All that combined gave me the confidence to try and lighten the mood, to alleviate whatever anxiety was making you comically thrust yourself dick first into a public toilet. “Don’t worry, man. I’m just here to watch.” As soon as the words left my mouth I knew I’d made a mistake. You asked me to repeat myself. “It was a joke I never should have made to my manager.” I shouted behind me while slow jogging to the exit.
Portrait by Sophia Ahamed for #POBEshow 2014
When we lifted the first person up and onto the hands of us crowded into the living room of the house our friend’s band was playing in it was fun and exciting. Then one by one, further friends were raised and surfed and it was still exciting and even more fun. Towards the end of the set the band and all of us who swelled around them were sweating, yelling and doing our best not to slip on the hardwood that had seen more than a few beer drop and empty onto it.

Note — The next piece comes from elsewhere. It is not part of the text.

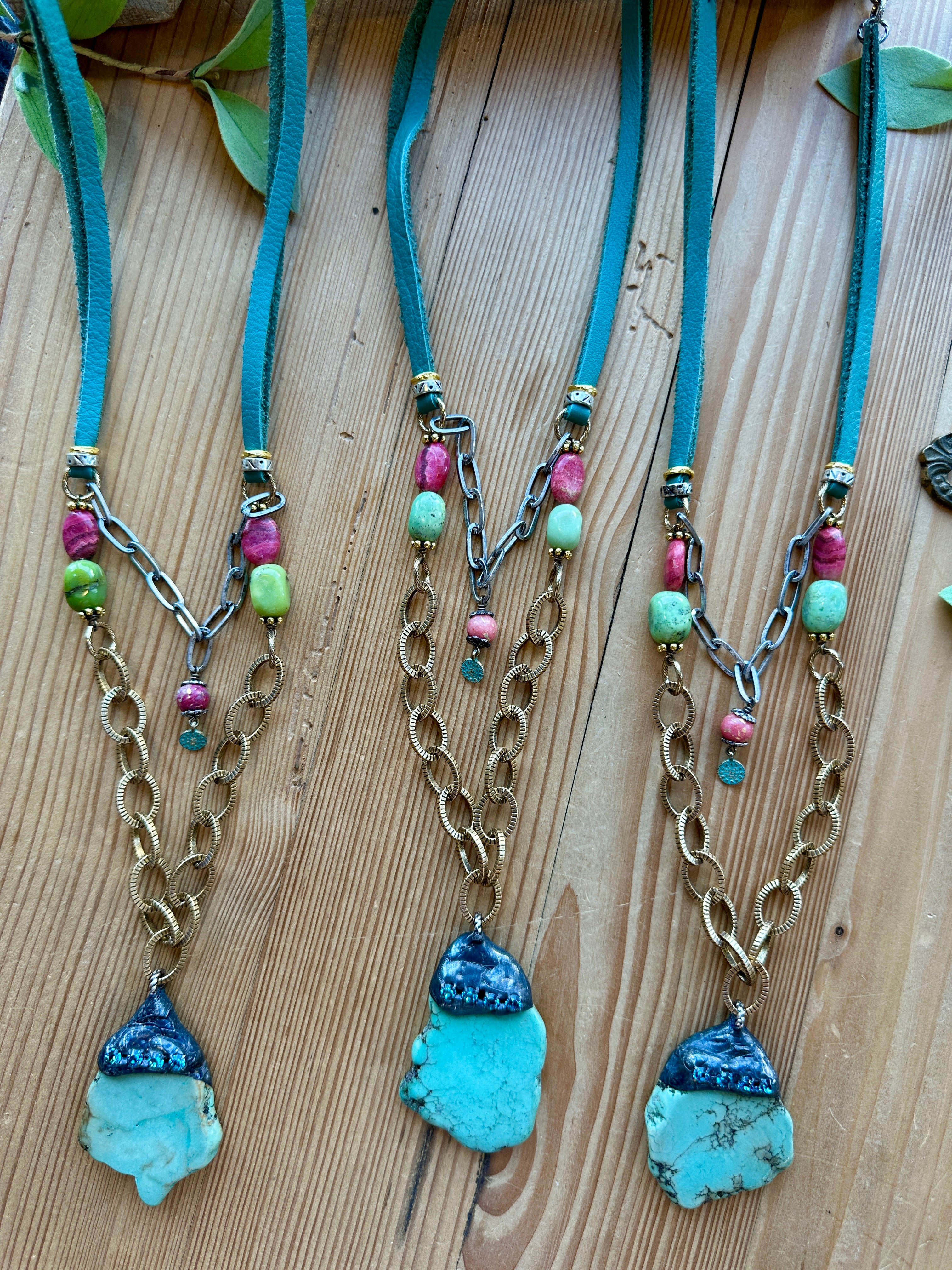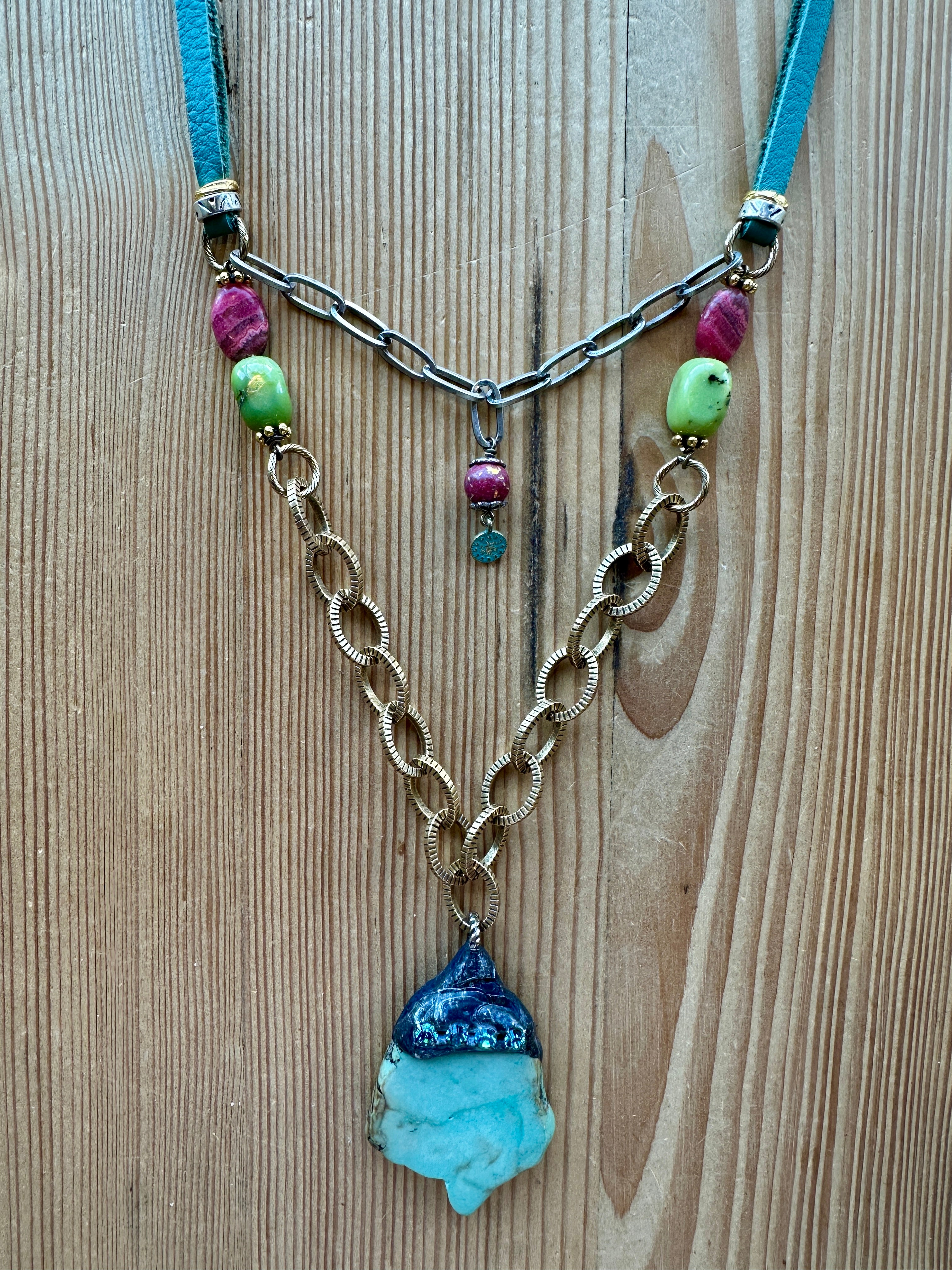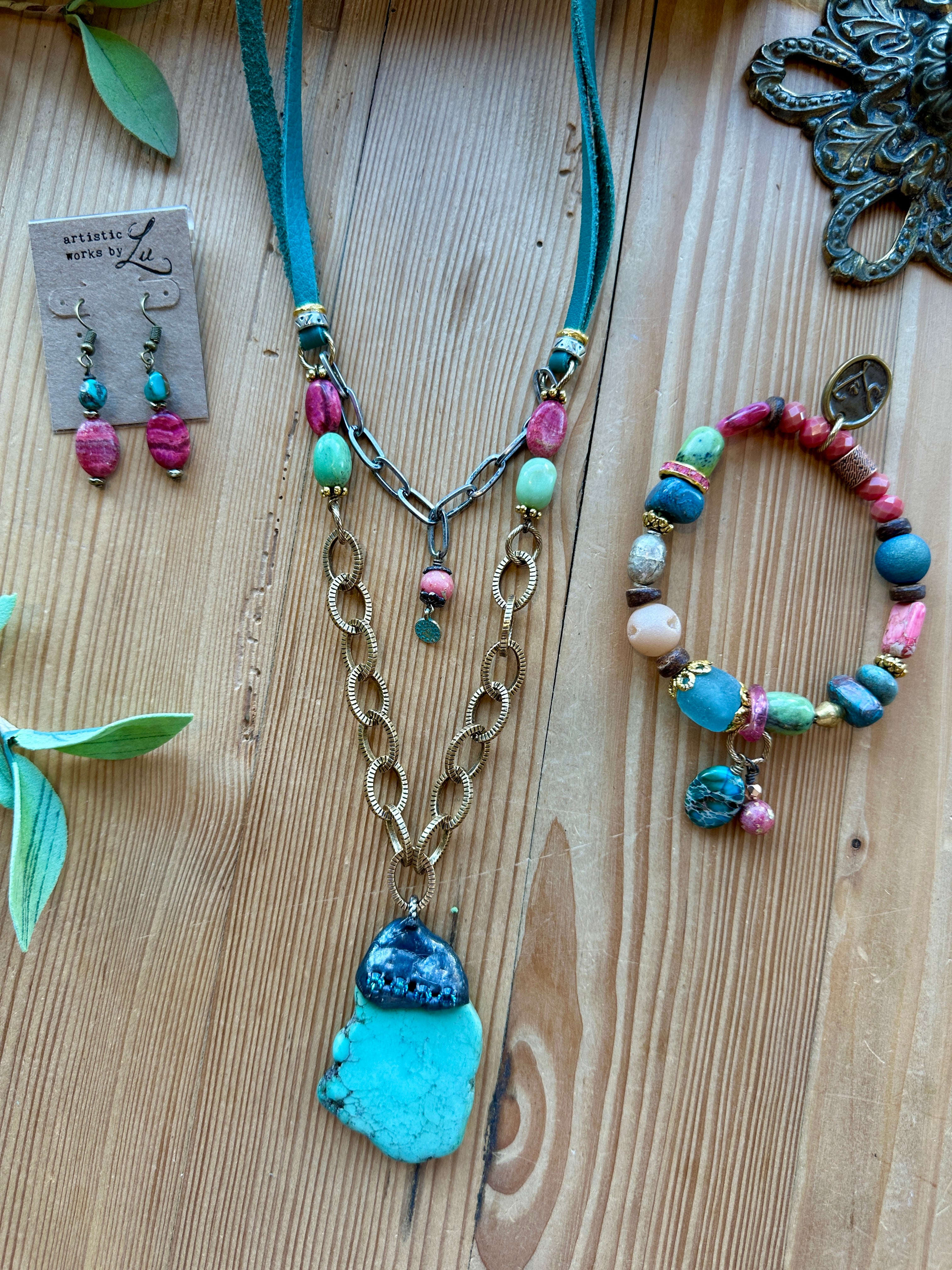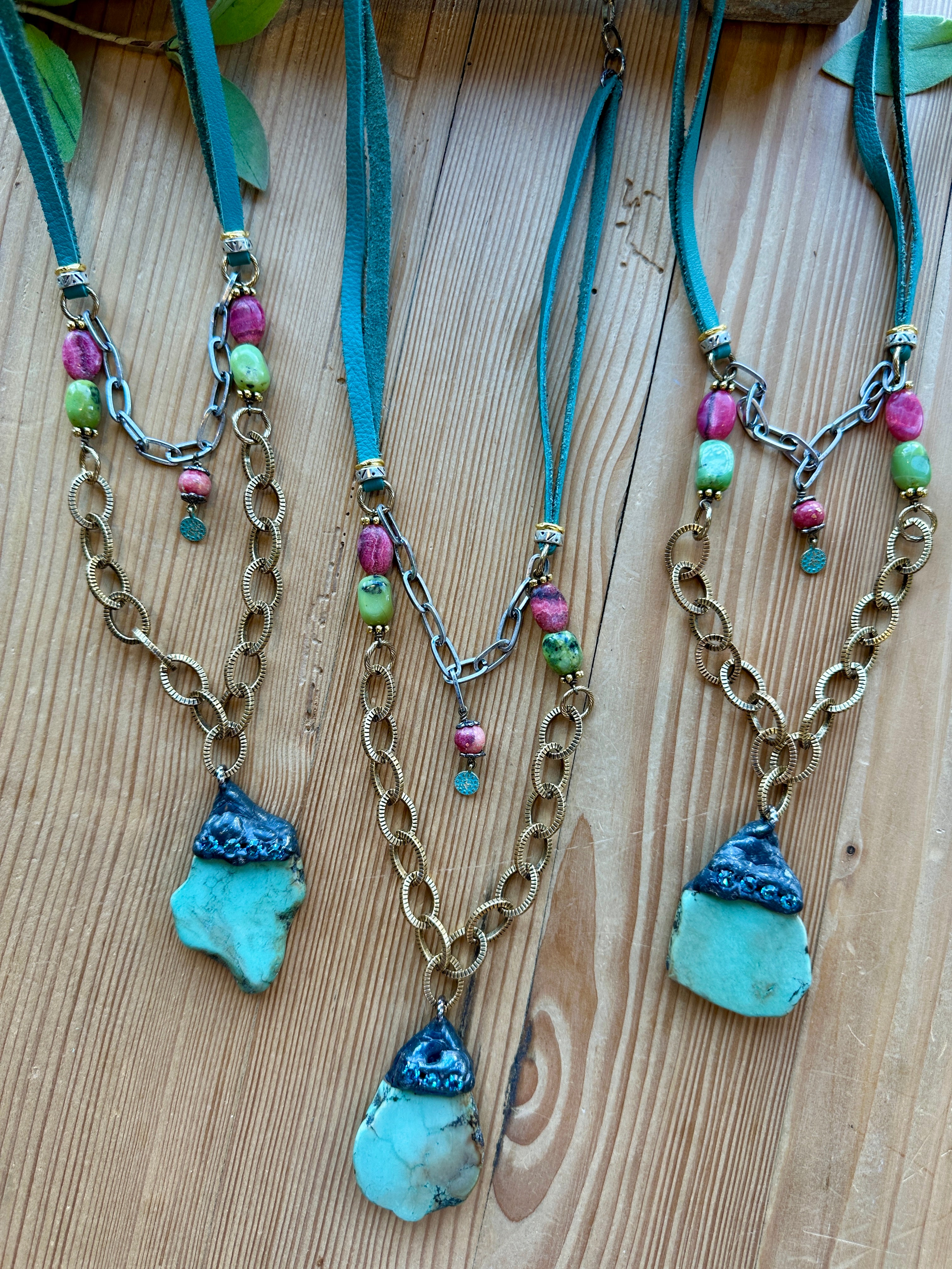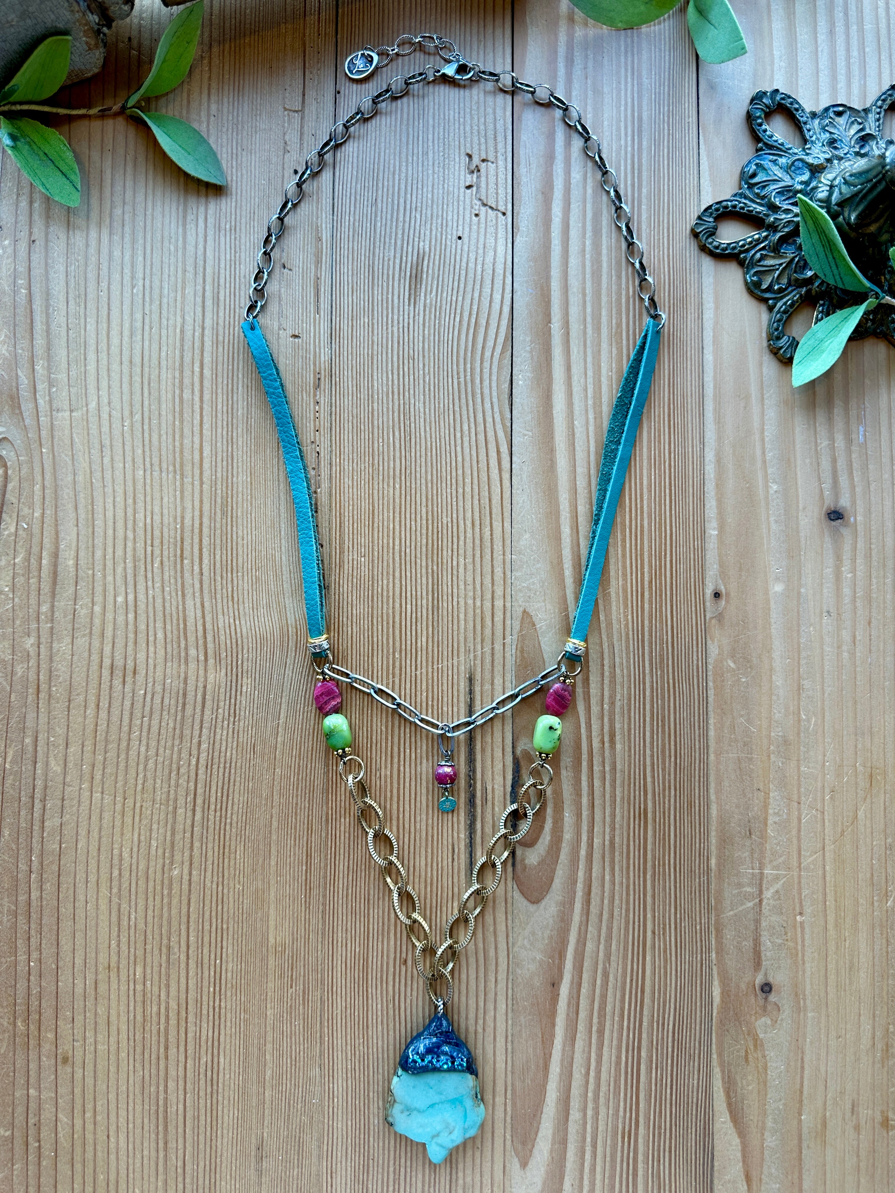 Elevate your outfit with our Earthy Brights Long Soldered Pendant Necklace. Handmade with a dyed magnesite pendant, sparkling turquoise cup chain, and speckled jade and pink agate beads, this necklace exudes natural elegance. The intricate design is finished with a mix of gold and silver chains and a touch of turquoise dyed leather.

Then they finished with a clash of cymbals and the last friend was lowered from her throne of fingers and palms and I was left feeling empty – I was the only one who didn’t get to crowd surf. Did I weigh too much? Was I too sweaty? Unappealing to the touch? I probably wouldn’t like it anyways I told myself, what with all the hands pushing and grabbing my butt and everything. I shook my head as I biked home alone; that would’ve been my favourite part.
Portrait by Mark Illing for #POBEshow 2014
The sliding door was wide open and Michael, the Japanese exchange student, sat in the backseat, clutching onto the fur of the great white expanse of dog that was Jenny. I waved at Grandpa as he drove the van past us. He waved back but Michael didn’t, I assumed because Jenny would have leapt out into the road like the buffoon she had been if not restrained.
When I told my mom and grandma this their faces dropped and they asked me to go into the other room. It was only a few years later that he wasn’t able to remember my name. Now, as I watched your elderly hands slowly steer the Oldsmobile up and over the roundabout, I wondered if anyone had spoken worriedly about you behind closed doors yet.